When Gillette appealed, “42”, though then not aggrieved, could have forced the case to go the district court route. For good reasons of its own, it in substance allowed Gillette’s choice of the C.C.P.A. route to stand. When a party to litigation succeeds in a trial court and the opponent takes an appeal, the appellee is foolhardy if he assumes he will succeed on appeal. If at this stage he foregoes an election to abort the appeal and have the case tried de novo in a trial tribunal, we must say he has made a binding election.
The C.C.P.A. did not send the single issue back for retrial; it sent it back for reconsideration on the record made. This explains why the trial board on remand neither permitted nor considered new evidence. Thus we think that, although the C.C.P.A. did not expressly retain jurisdiction to follow the remand, there was impliedly a retention of jurisdiction in the C.C.P.A.
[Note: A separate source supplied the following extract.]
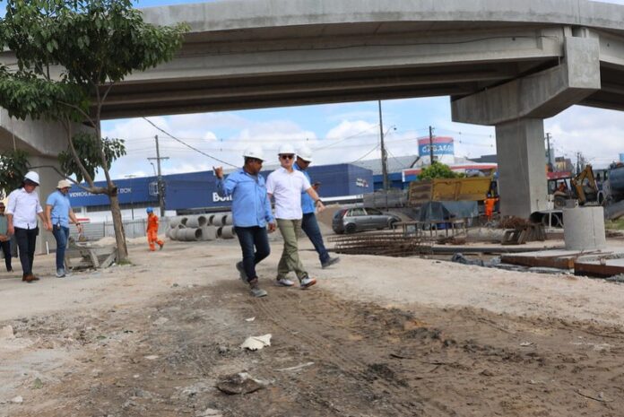 O prefeito de Manaus, David Almeida, realizou, nesta terça-feira, 13/5, mais uma vistoria técnica nas obras do complexo viário Rei Pelé, localizado na antiga rotatória do Produtor, na zona Leste da capital. Acompanhado por equipes da Secretaria Municipal de Infraestrutura (Seminf), o chefe do Executivo municipal conferiu de perto o avanço da construção, que já alcançou 95% de execução.

We think that Tibbetts Industries, Inc. v. Knowles Electronics, Inc. (7 Cir. 1967), 386 F.2d 209, cert. denied 390 U.S. 953, 88 S.Ct. 1046, 19 L.Ed.2d 1146 was wrongly decided. However, it can be distinguished. In Tibbetts a patent interference was involved in which the issue was priority of invention. Tibbetts had two claims, (1) that Knowles had failed to prove reduction to practice before Tibbetts’ filing date and (2) assuming Knowles had proved such earlier reduction to practice, he was deprived of any legal benefit because of his having “suppressed, abandoned or concealed the invention.” The Board of Patent Interferences, the equivalent of the trial board in our case, found for Tibbetts on the first issue, i. e. that Knowles was not first in reduction to practice, but did not decide the second one. Knowles appealed to the C.C.P.A. Tibbetts failed to elect an action in equity. The C.C.P.A. found in favor of Knowles on the first issue, and reversed, thus making the second issue, “suppression” critical and remanded the case to the board for trial of this issue. Knowles v. Tibbetts (1965), 347 F.2d 591, 52 C.C.P.A. 1800. The C.C.P.A. stated, “Tibbetts has raised this issue throughout the interference and it must be decided. We thus remand for consideration of the 35 U.S.C. § 102(g) issue.” [347 F.2d 591, 597].
Thus in Tibbetts the issue sent back was not for reconsideration on the record but for a trial of an issue that had not theretofore been tried. Viewed thus, the final result in Tibbetts Industries Inc. v. Knowles Electronics Inc., supra, i. e. that after a hearing before the trial board, *1121on this previously untried issue, Tibbetts might elect to file in the district court, clearly distinguishes our case from Tibbetts.
I would reverse as to the first cause of action.